[Records from a data source]
##############################

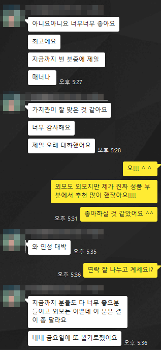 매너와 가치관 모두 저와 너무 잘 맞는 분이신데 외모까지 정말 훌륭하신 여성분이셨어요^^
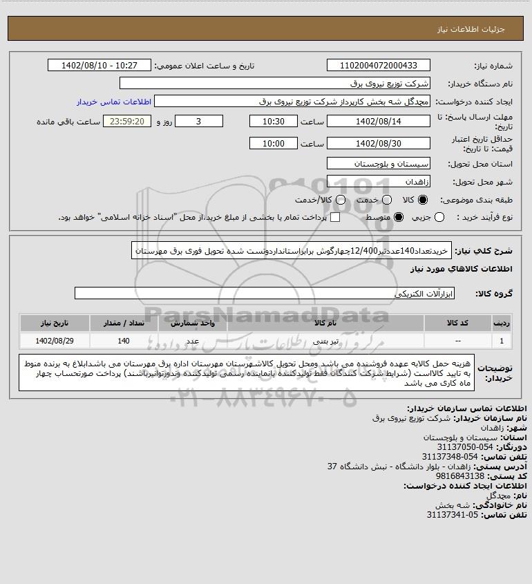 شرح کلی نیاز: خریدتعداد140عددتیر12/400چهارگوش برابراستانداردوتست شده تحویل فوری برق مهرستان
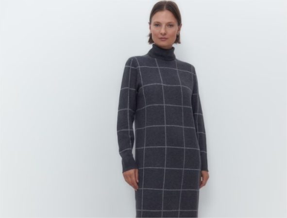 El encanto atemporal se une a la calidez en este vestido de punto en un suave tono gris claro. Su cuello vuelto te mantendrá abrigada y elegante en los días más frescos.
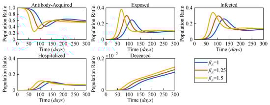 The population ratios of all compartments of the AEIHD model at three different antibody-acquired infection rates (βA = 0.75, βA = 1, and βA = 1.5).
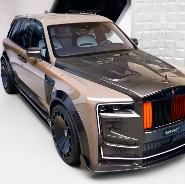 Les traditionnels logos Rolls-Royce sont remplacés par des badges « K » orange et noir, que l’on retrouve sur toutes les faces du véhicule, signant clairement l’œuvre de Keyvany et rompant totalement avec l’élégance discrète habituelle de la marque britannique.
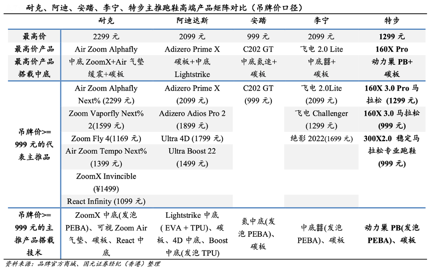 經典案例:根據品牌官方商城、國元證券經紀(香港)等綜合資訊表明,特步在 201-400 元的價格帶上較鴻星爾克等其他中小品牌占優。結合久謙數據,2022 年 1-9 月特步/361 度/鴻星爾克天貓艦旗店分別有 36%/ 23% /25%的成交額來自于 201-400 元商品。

##############################

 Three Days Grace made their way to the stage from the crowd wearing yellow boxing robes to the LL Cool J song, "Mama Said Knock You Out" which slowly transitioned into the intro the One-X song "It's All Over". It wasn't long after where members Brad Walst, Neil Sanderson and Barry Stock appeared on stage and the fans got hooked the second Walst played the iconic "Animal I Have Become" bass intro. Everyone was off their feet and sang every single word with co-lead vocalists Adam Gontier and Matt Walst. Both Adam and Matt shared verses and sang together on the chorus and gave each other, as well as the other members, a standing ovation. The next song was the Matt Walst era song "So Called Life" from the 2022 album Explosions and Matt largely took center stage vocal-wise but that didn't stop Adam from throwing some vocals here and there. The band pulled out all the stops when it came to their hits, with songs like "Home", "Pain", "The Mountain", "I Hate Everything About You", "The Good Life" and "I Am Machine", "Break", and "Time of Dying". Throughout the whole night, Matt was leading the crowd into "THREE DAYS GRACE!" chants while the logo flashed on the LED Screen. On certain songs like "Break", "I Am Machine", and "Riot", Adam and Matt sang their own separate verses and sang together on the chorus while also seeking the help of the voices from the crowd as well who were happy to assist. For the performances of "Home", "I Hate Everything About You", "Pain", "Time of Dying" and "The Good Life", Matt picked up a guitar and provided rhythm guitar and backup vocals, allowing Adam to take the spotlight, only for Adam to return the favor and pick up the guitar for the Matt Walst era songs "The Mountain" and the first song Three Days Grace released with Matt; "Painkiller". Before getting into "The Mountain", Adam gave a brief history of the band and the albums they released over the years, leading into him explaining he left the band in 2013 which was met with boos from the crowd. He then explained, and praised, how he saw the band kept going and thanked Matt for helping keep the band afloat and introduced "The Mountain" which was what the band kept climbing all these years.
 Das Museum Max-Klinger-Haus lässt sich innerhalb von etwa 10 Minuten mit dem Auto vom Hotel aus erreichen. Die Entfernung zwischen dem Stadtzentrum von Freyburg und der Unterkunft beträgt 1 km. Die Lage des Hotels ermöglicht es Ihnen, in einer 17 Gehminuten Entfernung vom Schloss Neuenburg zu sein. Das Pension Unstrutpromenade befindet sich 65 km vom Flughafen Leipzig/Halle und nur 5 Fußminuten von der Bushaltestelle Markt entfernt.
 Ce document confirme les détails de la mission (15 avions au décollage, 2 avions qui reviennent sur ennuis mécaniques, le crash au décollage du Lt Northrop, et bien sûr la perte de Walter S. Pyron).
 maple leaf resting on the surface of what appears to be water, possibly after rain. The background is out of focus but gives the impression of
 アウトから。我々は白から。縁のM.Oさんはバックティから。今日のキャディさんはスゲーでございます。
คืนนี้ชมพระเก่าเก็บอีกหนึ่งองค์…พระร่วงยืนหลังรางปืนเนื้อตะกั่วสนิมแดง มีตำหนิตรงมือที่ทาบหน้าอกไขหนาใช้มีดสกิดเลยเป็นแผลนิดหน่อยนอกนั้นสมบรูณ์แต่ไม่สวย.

##############################

WHAT THE EXERCISE ASKS - In the entries above, find the line containing "El encanto atemporal" and the line containing "23% /25%的成交額來自于 201-400 元商品。", then copy both and every line between them exactly, without any picture.

SOLUTION TO THE EXERCISE -
 El encanto atemporal se une a la calidez en este vestido de punto en un suave tono gris claro. Su cuello vuelto te mantendrá abrigada y elegante en los días más frescos.
 The population ratios of all compartments of the AEIHD model at three different antibody-acquired infection rates (βA = 0.75, βA = 1, and βA = 1.5).
 Les traditionnels logos Rolls-Royce sont remplacés par des badges « K » orange et noir, que l’on retrouve sur toutes les faces du véhicule, signant clairement l’œuvre de Keyvany et rompant totalement avec l’élégance discrète habituelle de la marque britannique.
 經典案例:根據品牌官方商城、國元證券經紀(香港)等綜合資訊表明,特步在 201-400 元的價格帶上較鴻星爾克等其他中小品牌占優。結合久謙數據,2022 年 1-9 月特步/361 度/鴻星爾克天貓艦旗店分別有 36%/ 23% /25%的成交額來自于 201-400 元商品。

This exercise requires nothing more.